The feature extraction process transforms user’s biomedical signals into a form that can express a certain emotional state more clearly. At this time, arbitrary characteristics are created by time, frequency, and both time-frequency analysis. For example, when the user views the content A, the brain waves repeatedly oscillate with time, which may not be very different from when viewing the content B. However, when the two signals are converted to a specific frequency band, the size of the frequency band can be different. In this way, Looxid Labs has the technology to extract the features that help classify distinct emotions from the bio-signals preprocessed by the methodology used in mathematics, statistics and computer science.

 Figure 4. Extracted Features

Feature Selection

In this process, we select the important features among the various bio-signal features from the extraction process.

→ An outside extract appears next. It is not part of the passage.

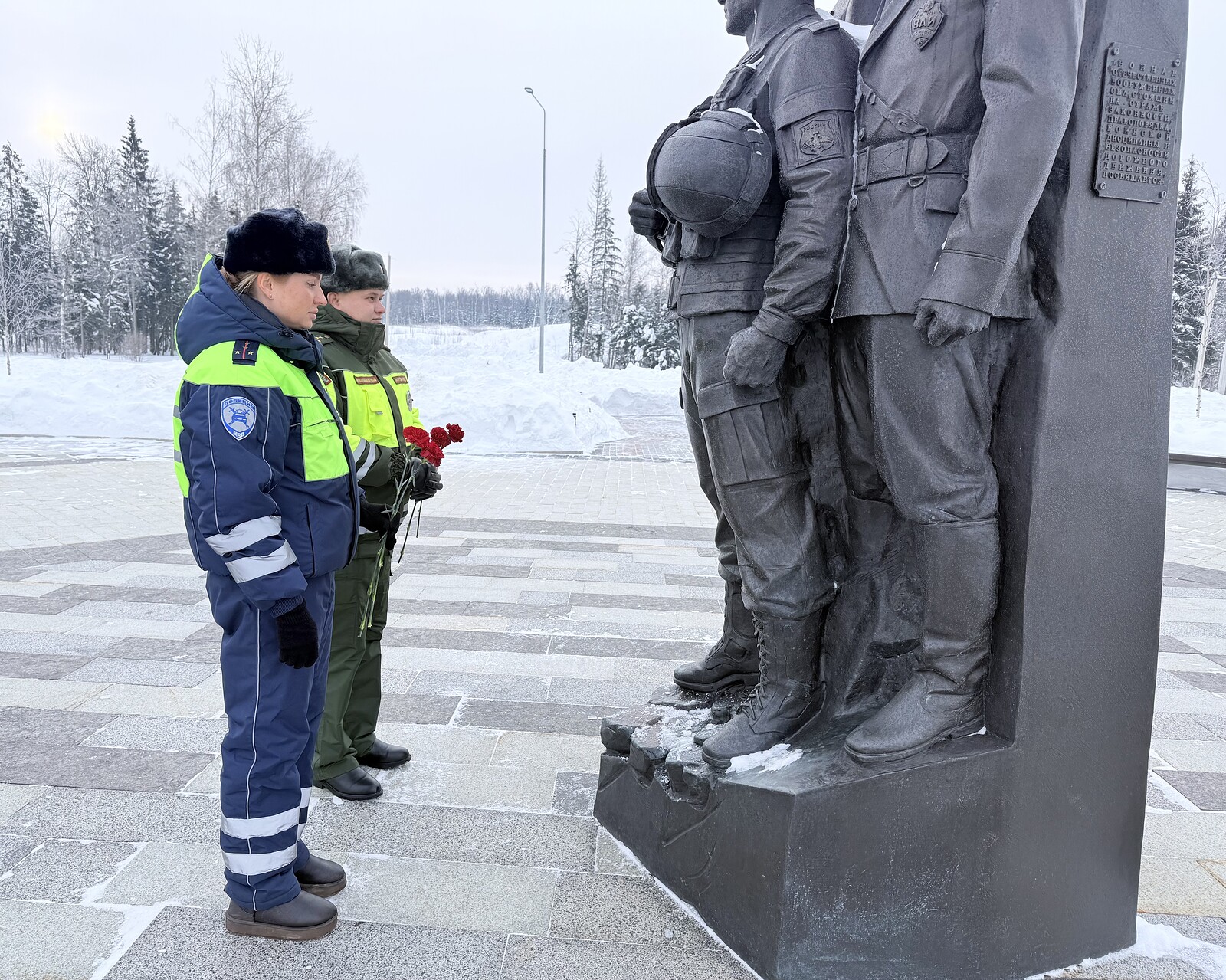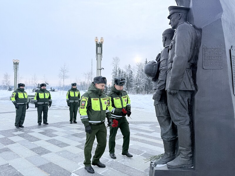 Участники акции возложили цветы к мемориальному знаку, почтив память коллег минутой молчания. Данное мероприятие направлено на сохранение исторической памяти, укрепление служебных традиций и патриотическое воспитание личного состава.
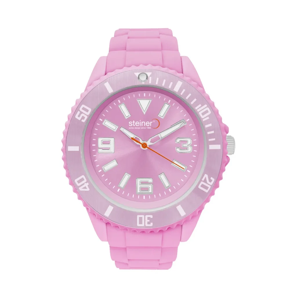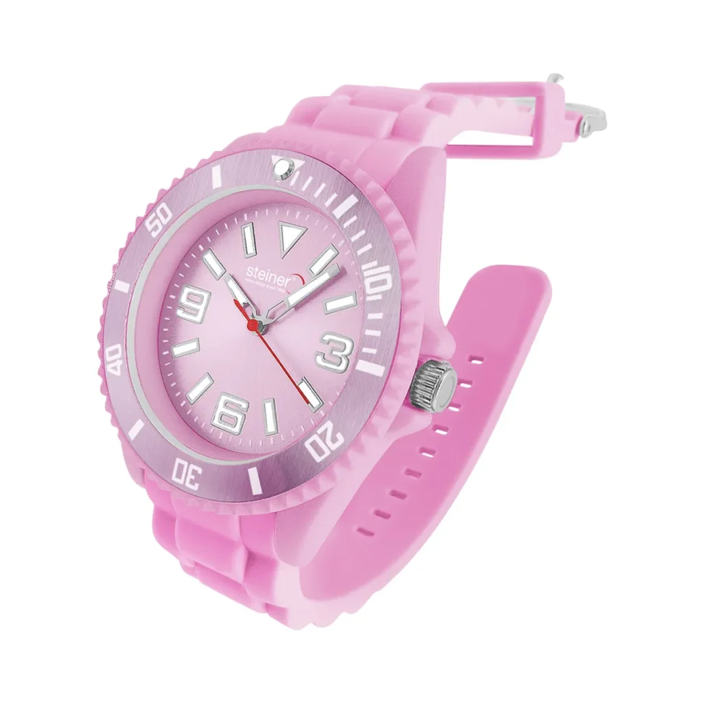 La correa de silicón en color morado brinda comodidad, ligereza y un ajuste seguro, ideal para el uso diario. Sus marcadores luminiscentes permiten una lectura clara incluso en condiciones de poca luz, y la corona protegida añade un extra de durabilidad y resistencia para un estilo de vida activo.

Due to the nature of brain waves and eye data, we include a large number of information (about 3000 per second) per unit time. As these data go through the feature extraction process, the amount of information is reduced due to the certain features, but the data still contain vast amount of information. Looxid Labs uses algorithms that single out the only information that brings about the greatest dependency and relevance between two sets of data based on mutual information techniques that use information theory-based statistical properties. As a result, only the minimum features that can represent biological signals by capturing the importance of information are used for emotion classification, thereby improving the accuracy and speed of emotion analysis.